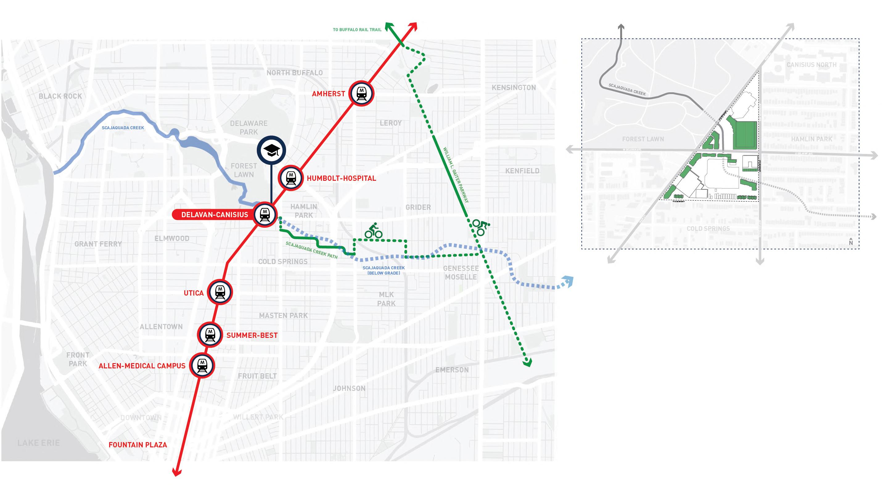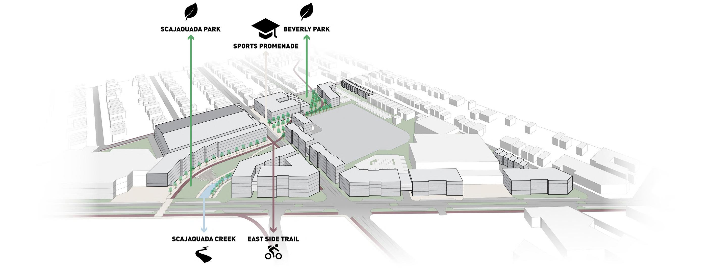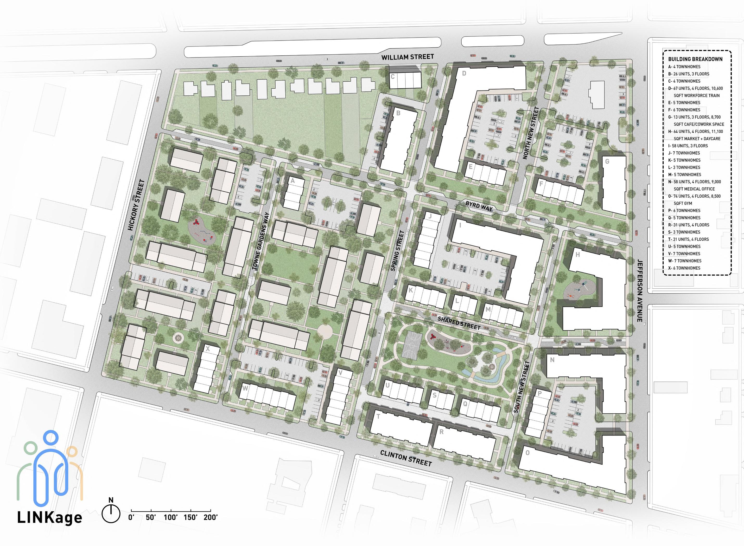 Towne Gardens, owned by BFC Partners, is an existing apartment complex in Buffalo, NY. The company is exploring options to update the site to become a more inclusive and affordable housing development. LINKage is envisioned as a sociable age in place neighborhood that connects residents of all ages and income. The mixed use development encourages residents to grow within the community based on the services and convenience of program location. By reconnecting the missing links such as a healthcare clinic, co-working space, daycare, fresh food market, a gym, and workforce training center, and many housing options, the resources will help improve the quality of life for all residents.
------------
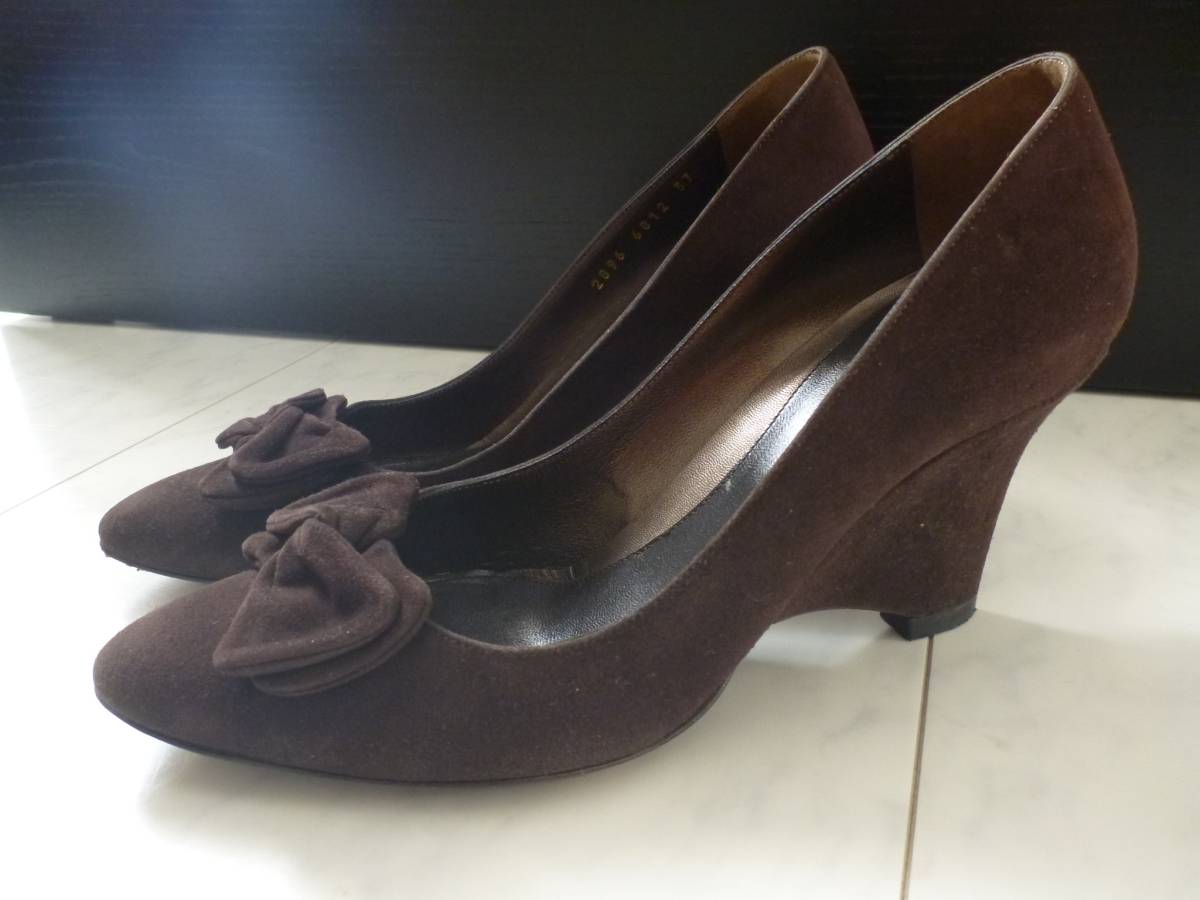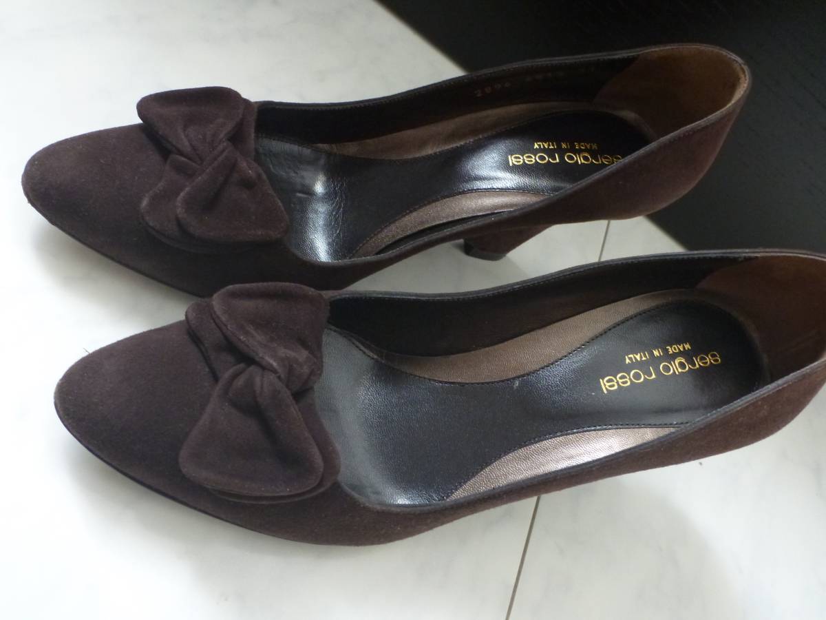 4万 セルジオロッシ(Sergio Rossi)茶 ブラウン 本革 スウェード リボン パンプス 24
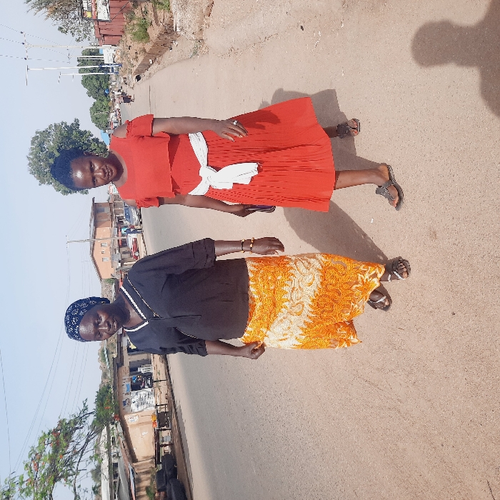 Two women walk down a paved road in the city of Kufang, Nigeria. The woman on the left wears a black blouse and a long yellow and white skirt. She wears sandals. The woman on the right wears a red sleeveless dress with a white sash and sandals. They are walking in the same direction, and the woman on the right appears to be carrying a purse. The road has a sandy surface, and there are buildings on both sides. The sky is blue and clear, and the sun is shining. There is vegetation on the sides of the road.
------------
> [Task to complete]: Return the lines above from the one with "4万 セルジオロッシ(Sergio Rossi)茶" through the one with "Two women walk", verbatim and nothing else. Omit every picture.

> [Result]:
 4万 セルジオロッシ(Sergio Rossi)茶 ブラウン 本革 スウェード リボン パンプス 24
 Two women walk down a paved road in the city of Kufang, Nigeria. The woman on the left wears a black blouse and a long yellow and white skirt. She wears sandals. The woman on the right wears a red sleeveless dress with a white sash and sandals. They are walking in the same direction, and the woman on the right appears to be carrying a purse. The road has a sandy surface, and there are buildings on both sides. The sky is blue and clear, and the sun is shining. There is vegetation on the sides of the road.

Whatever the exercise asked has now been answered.